GDPR Article 5(1)(b) — the purpose limit rule — blocks use of personal details without a clear legal basis. The CNIL's 2024 cases focused on this gap: details collected for one service used for model work with no valid basis or anonymization.
Presets help satisfy both sets of rules:
- Preset name and config: the documented method
- Processing logs: proof the method was applied
- DPO approval: a recorded sign-off on the config
This creates the audit trail both laws require. For Article 10 obligations in detail, see the EU AI Act training data guide.
Preset Config for NLP Model Sets
Types to include in most NLP model sets:
- PERSON — Replace with similar names
- EMAIL_ADDRESS — Replace with synthetic addresses
- PHONE_NUMBER — Replace with synthetic numbers
- CREDIT_CARD / IBAN — Replace or Redact
- LOCATION — Replace with similar places if location matters; Redact if not
- DATE_OF_BIRTH — Redact; age grouping is often needed
Types often left out:
- General dates — timestamps help temporal models
- Org names — help named-entity models
- URLs — help link and reference models
The ML lead and DPO set these rules in the approved preset. Team members apply it. They do not make config choices.
Presets as Institutional Memory
Before presets. The right entity config lived in the heads of three data scientists. They had worked through the compliance review. Two left in Q3. The knowledge went with them.
After presets. The config lives in "ML Dev — Customer Records v2.1." The version log shows when it was made, who approved it, and what changed from v2.0. New team members use the preset and get all the knowledge built into it.
Version 2.1 added IBAN detection after a review found it missing. Version 2.0 was approved in February 2025. The log is complete.

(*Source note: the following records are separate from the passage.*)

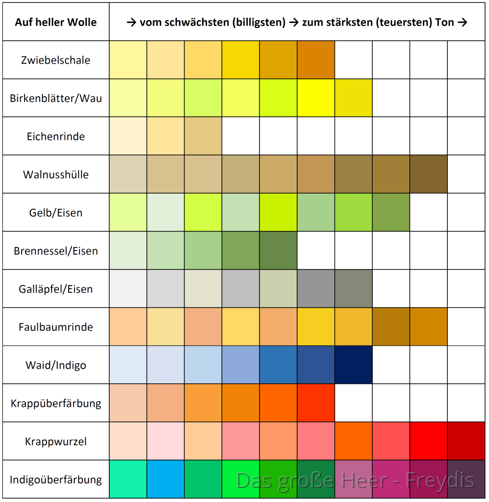 - Färbungen durch Exotenhölzer sind für das Frühmittelalter nicht nachgewiesen, also sind extreme Töne wie von Blauholz, Cochenille oder Annattosaat unpassend.
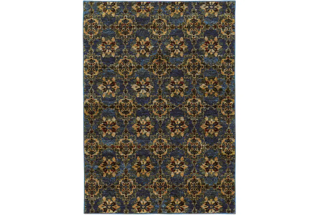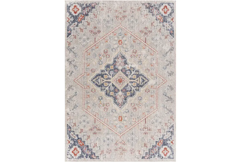 Percy Transitional Medallion - Blue/gray/orange Area Rug - 5'3" X 7'6" Rectangle
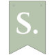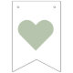 A simple bunting flags banner for a sage green wedding, with the words "Mr. & Mrs." and the family name of the new couple and 3 hearts. The text is in white caps on sage background, the hearts and the ampersand are sage green on white background.
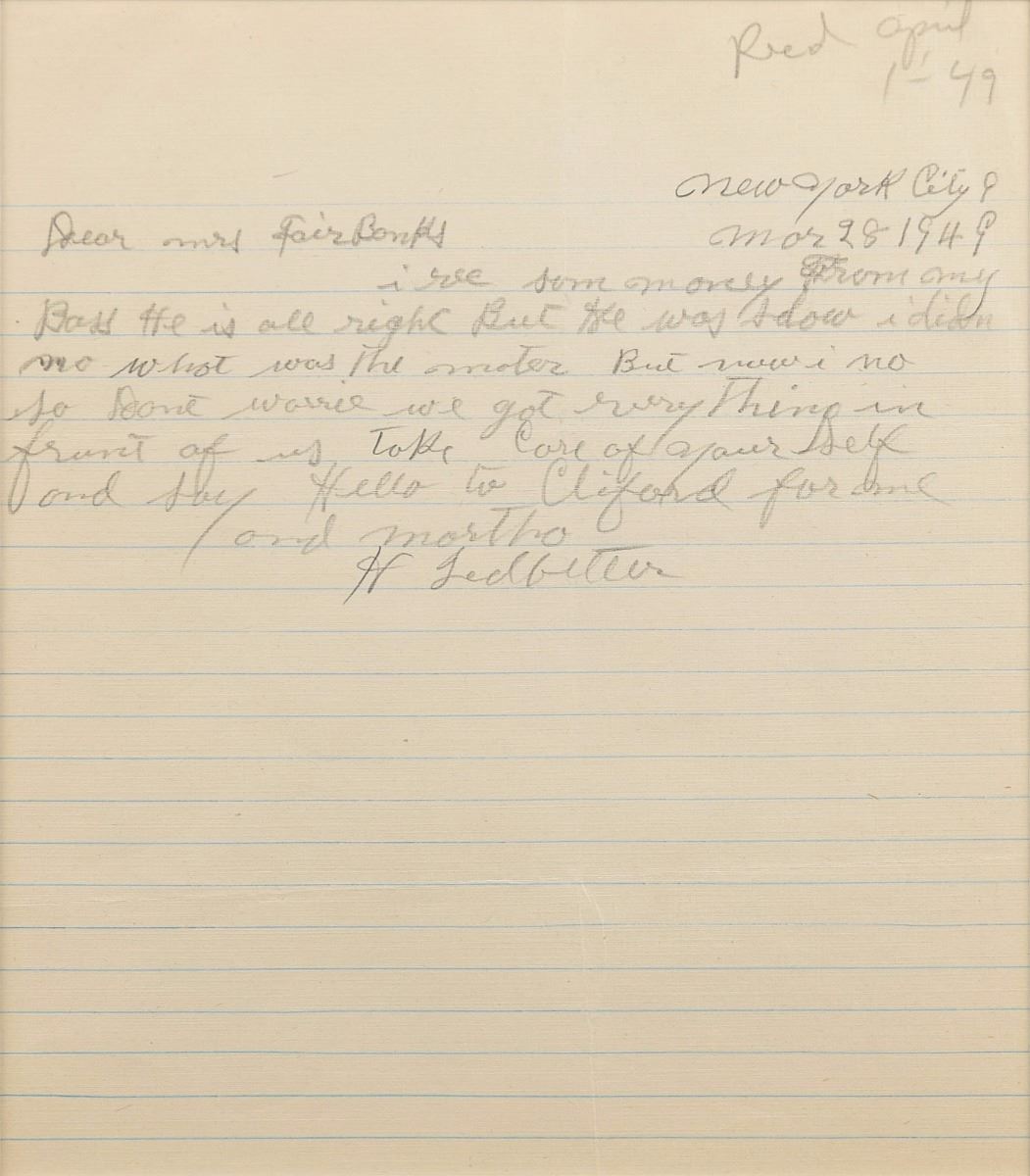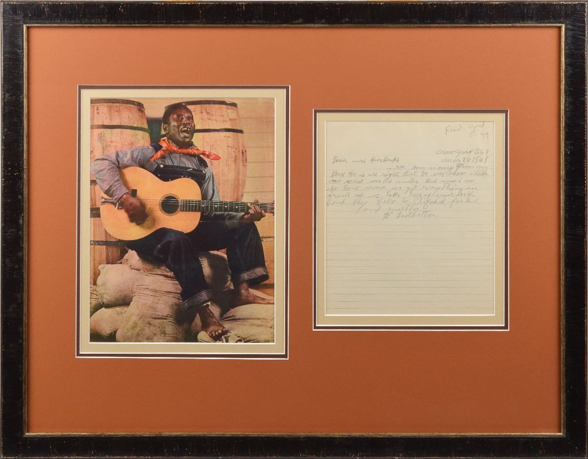ALS in pencil, signed “H. Ledbetter,” one lightly lined page, 7.5 x 8.75, March 28, 1949. Letter to his manager, Marjorie Fairbanks, in full (spelling and grammar retained): "I've som money from my Bass He is all right But He was slow i didn no what was the mater But now i no so Dont worrie we got every thing in front of us Take Care of yourself and say Hello to Clifford for me and martha." Archivally triple-matted and framed with an image of the musician to an overall size of 26.5 x 20.75. In fine condition. Two months after this letter was written, Ledbetter made his first trip to Europe as a part of the International Jazz festival in Paris. However, his time abroad would be cut short due to his deteriorating health and the tragic diagnosis of ALS (Lou Gehrig's Disease). Ledbetter returned to the United States at the end of May 1949, and played only two more shows in his life before passing away in December. Autograph material from Ledbetter is exceedingly scarce.

For how processing logs and DPO review flows work, see the GDPR ML training anonymization guide.
Presets vs. the CNIL Pattern
The CNIL's 2024 AI cases set a clear pattern. They ask not just what was removed but how it was governed. A shared preset with a DPO approval record and processing logs answers this directly.
An ad-hoc config does not. The same gap exists in other EU DPA cases that follow CNIL logic. For more on the CNIL AI approach, see the CNIL GDPR AI compliance guide.
Conclusion
Docs tell team members what to do. Presets make it easy — and enforceable — to do it the same way each time.
For ML model sets, consistency is both a legal need and a technical one. The preset meets both at once.
DPAs looking at AI practices want evidence of uniform anonymization. A preset applied the same way across all set work is the clearest proof you can give them.